Презрение невежд, фанатичные моллы! И прошения, и справки, которые поступают в департамент! Бросить службу? А с чем — к народу? И кто пойдет за ним? «Безумец! Создать масонскую ложу!» Сколько их — и бунтов! и возмущений! На одного с дубиной — десять штыков! И нищие! О боже, сколько их! Нищих, исступленных дервишей, которые по обету никогда не моются; к поясу привязан сосуд из тыквы — это и сумка, и сосуд для воды; и шкура пантеры накинута на плечи — днем плащ, а ночью одеяло; и палка с железным острием в руке — отгонять собак, и войлочная шапка с густой бахромой, ниспадающей на глаза: помеха, чтоб не смел глядеть на небо, обитель всевышнего, ибо удел смертного — не отрывать взоров от земли.

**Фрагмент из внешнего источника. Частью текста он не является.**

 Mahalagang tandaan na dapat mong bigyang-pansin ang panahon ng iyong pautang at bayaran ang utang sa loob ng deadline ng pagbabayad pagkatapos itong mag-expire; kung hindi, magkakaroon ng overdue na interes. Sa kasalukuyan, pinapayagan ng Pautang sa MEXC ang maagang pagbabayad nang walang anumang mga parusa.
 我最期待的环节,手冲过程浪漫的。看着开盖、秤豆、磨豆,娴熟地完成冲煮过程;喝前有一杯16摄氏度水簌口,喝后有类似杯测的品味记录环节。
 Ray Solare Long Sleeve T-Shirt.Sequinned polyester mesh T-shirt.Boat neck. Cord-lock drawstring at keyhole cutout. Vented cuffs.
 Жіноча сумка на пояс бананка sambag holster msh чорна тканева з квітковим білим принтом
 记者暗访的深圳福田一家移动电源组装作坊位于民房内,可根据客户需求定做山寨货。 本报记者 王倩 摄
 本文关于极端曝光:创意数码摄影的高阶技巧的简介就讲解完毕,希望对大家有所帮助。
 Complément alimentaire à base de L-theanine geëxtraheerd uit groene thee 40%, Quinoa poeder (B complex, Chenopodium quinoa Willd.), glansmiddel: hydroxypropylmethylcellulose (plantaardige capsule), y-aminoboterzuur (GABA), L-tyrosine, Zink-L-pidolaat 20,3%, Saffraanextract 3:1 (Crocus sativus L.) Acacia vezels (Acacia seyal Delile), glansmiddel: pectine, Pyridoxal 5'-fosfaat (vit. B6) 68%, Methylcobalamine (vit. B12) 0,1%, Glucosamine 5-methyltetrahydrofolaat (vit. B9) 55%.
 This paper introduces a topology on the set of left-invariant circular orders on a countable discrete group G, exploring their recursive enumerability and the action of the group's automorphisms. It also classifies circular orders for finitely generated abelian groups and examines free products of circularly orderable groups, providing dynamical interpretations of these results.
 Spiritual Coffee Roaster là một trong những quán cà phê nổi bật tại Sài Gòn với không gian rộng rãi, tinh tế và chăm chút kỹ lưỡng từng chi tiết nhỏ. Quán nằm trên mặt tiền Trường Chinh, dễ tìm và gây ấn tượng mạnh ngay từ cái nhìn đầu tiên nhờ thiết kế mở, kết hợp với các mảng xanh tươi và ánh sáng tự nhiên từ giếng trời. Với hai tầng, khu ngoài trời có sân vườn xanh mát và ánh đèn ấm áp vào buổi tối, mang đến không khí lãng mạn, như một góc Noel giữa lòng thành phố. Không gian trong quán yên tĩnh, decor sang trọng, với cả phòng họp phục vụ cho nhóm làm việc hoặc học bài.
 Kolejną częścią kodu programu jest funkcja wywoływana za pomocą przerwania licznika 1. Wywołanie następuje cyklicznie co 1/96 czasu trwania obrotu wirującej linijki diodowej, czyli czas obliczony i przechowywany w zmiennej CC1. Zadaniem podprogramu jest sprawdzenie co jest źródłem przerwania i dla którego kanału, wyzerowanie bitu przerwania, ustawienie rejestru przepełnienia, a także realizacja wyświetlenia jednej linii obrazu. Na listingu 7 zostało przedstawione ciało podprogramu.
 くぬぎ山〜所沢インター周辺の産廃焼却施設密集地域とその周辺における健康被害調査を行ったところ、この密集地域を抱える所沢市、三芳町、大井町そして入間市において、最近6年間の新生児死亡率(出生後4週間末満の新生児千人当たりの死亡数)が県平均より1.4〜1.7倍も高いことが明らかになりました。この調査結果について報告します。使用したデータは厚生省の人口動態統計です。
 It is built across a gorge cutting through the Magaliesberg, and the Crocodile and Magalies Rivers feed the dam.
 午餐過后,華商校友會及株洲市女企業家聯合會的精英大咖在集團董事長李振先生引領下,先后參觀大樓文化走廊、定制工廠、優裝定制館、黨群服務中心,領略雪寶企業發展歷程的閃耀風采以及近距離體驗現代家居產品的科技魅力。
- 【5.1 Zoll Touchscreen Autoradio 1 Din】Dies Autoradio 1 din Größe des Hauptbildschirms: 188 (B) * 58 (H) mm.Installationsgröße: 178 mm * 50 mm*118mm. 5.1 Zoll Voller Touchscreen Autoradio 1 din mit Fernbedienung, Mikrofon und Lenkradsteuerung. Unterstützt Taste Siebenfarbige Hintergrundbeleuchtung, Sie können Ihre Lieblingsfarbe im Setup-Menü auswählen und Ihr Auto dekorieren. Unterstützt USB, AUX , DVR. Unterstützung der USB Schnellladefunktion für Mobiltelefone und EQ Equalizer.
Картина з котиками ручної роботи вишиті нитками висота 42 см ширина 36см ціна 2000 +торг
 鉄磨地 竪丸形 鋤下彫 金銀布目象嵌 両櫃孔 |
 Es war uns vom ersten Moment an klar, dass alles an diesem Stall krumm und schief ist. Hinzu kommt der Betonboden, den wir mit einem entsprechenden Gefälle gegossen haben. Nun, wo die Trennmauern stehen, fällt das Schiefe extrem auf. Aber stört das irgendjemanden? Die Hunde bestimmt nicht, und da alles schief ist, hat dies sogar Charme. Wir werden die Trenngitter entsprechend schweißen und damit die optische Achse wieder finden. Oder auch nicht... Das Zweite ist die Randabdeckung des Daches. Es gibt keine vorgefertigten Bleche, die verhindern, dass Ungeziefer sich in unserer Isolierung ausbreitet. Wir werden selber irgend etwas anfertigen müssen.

И бредовые их рассказы о мучениях борцов за власть! И люди верят дервишу, заученно повторяя за ним, когда он, семижды обвязываясь поясом, состоящим из разноцветных веревок, связывает семь низменных страстей человека: себялюбие, гнев, скупость, невежество, алчность, чревоугодие и похоть, а затем семижды развязывается, выпуская на волю семь возвышенных страстей — великодушие, кротость, щедрость, богобоязнь, любовь к аллаху, нравственное насыщение и истязание плоти.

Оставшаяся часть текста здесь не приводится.